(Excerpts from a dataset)

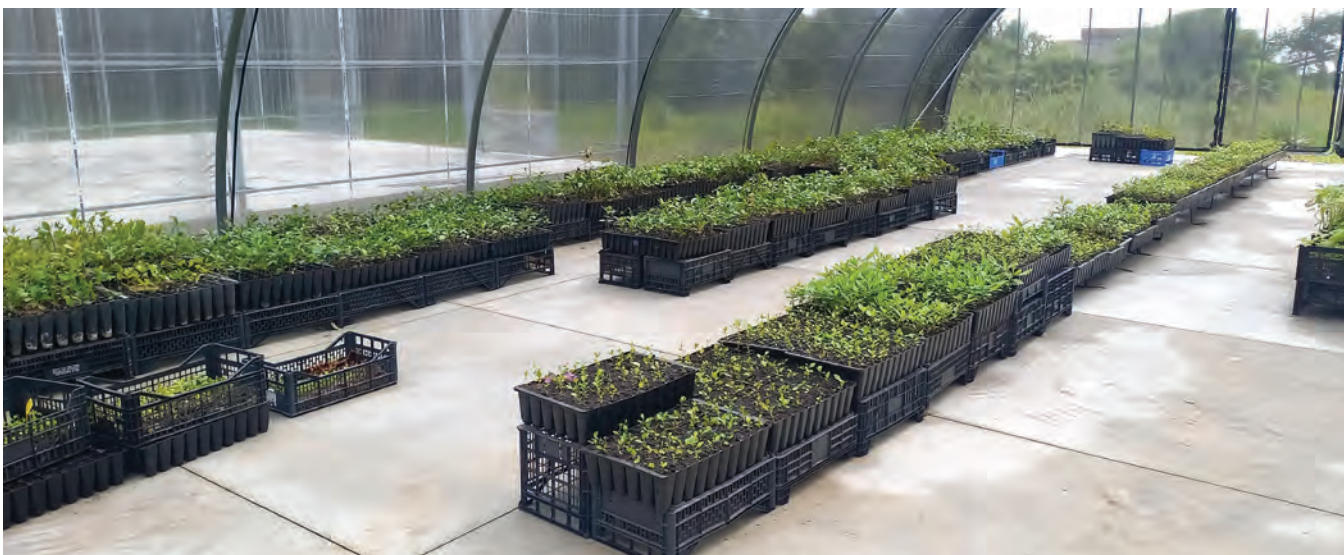
Viveiro de espécies endémicas para introdução em áreas abrangidas pelo LIFE Snails.
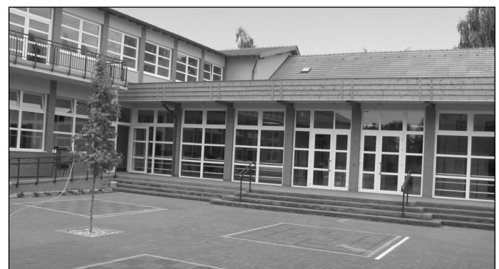
Az új iskola udvara

Aki mostanában Mezőtúron a Kossuth Lajos utca, a Csokonai Vitéz Mihály utca, és a Székes utca által határolt terület mellett halad el, azt láthatja, hogy a mezőtúriai által Kossuth úti iskolaként is ismert oktatási intézmény öreg épületei megszépültek, megújultak. Sok-sok ember
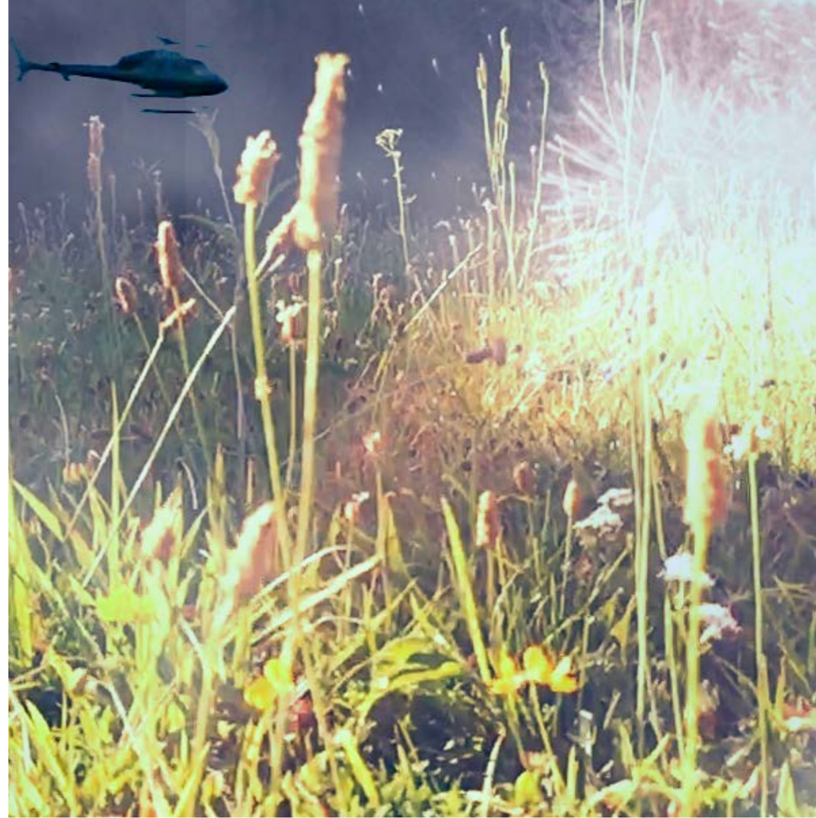
Neil Lang, Bee Wars, 3' 23", 2018
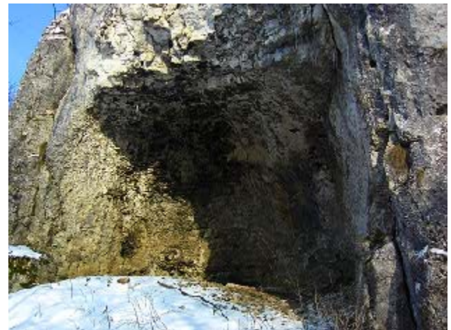
... und im Winter. Wegen ihrer Lage direkt an der Altmühl war sie in der Steinzeit eine "ideale" Unterkunft.

Als sich Urdonau und Altmühl in die Albtafel einschnitten, legten sie an den Talflanken zahlreiche der einst unterirdischen Höhlen frei (Beixenstein bei Ried, Mühlberggrotte in der Nähe der Schule, Lochschlaghöhle zwischen Obereichstätt und Breitenfurt, Pulverhöhle bei Breitenfurt, Höhle in der Hilzernen Klinge u.a). Fast alle diese Höhlen dienten in der Eiszeit den Menschen als Behausung, da damals das Gebiet des Altmühltals frei von Gletschern war.
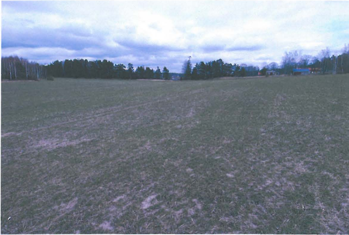
Bromarv (Bråmarff). Rusthollin rakennuksia kuvan oikeassa laidassa. Vuoden 1647 kartaan merkitty talo on ilmeisesti sijainnut rakennuksista pohjoiseen (kuvassa vasemmalle) olevalla alueella. (DG115:1)
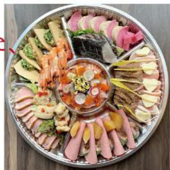
オードブル盛り 1人前 2,160円～ 3名様から受付
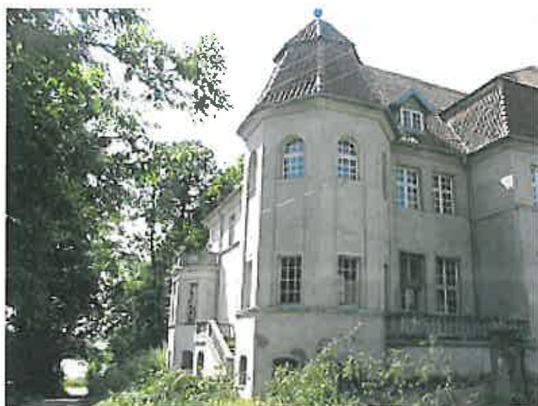
Fot.3 Pałac w Białej Oleckiej

(obecnie nie ma już na nim śladów po nagrobkach). Pozostała tylko piękna aleja lipowa. W dworku mieściło się przedszkole. Była także stołówka dla pracowników PGR-u i biuro księgowości. Przez jakiś czas istniał też klub wiejski. Na piętrze dworku urządzono zaś mieszkanie. Po likwidacji PGR-u gospodarstwo dzierżawiła prywatna spółka. Obecnie dworek jest własnością prywatną. Niestety obiekt coraz bardziej niszczeje.
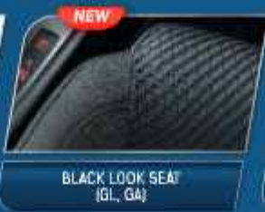
BLACK LOOK SEAT (GL, GA)
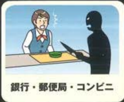
銀行・郵便局・コンビニ
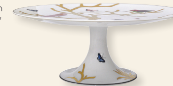
Plateau sur pied H. 12,5 cm D. 31 cm Footed cake platter H. 4.9" D. 12.2"
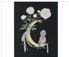
筑紫ゆうな《無題》2021年
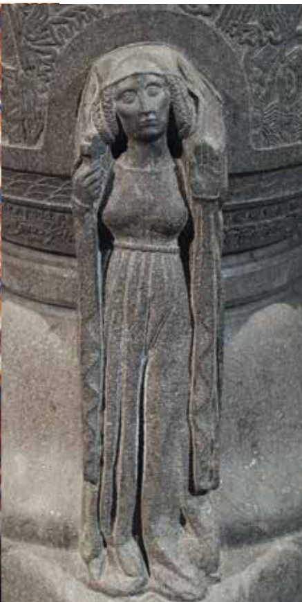
S:ta Margareta, barnmorskornas förebild.
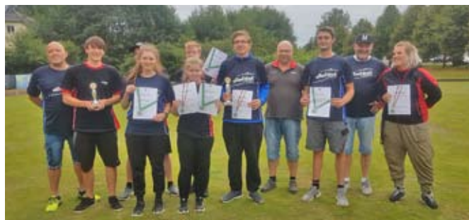
Azubigewinner Dietzel Hydraulik mit Fima Horsch

Das 16. Turnier für „Jedermann“ findet am 11. Juli 2020 wieder auf den Bowlsgreen in Löbichau statt und das 4. Rasenbowlingturnier für Betriebsmannschaften wird am 15. August 2020 ausgetragen. Anmeldungen sind jetzt schon möglich.
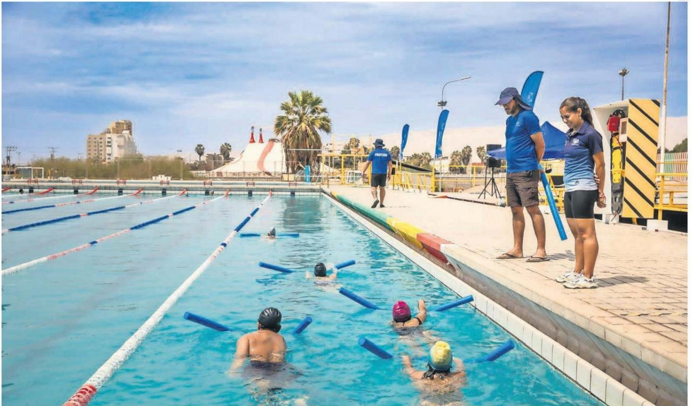
LOS ASISTENTES EN CONJUNTO DE SUS PADRES Y PROFESIONALES, TOMAN SUS CLASES DE NATACIÓN EN LA PISCINA OLÍMPICA DE MANERA GRATUITA.

- Task brief:
Of the lines above, copy only those from the one holding "Aki mostanában Mezőtúron" to the one holding "und im Winter.", both included, and exclude every image.

- Task result:
Aki mostanában Mezőtúron a Kossuth Lajos utca, a Csokonai Vitéz Mihály utca, és a Székes utca által határolt terület mellett halad el, azt láthatja, hogy a mezőtúriai által Kossuth úti iskolaként is ismert oktatási intézmény öreg épületei megszépültek, megújultak. Sok-sok ember
Neil Lang, Bee Wars, 3' 23", 2018
... und im Winter. Wegen ihrer Lage direkt an der Altmühl war sie in der Steinzeit eine "ideale" Unterkunft.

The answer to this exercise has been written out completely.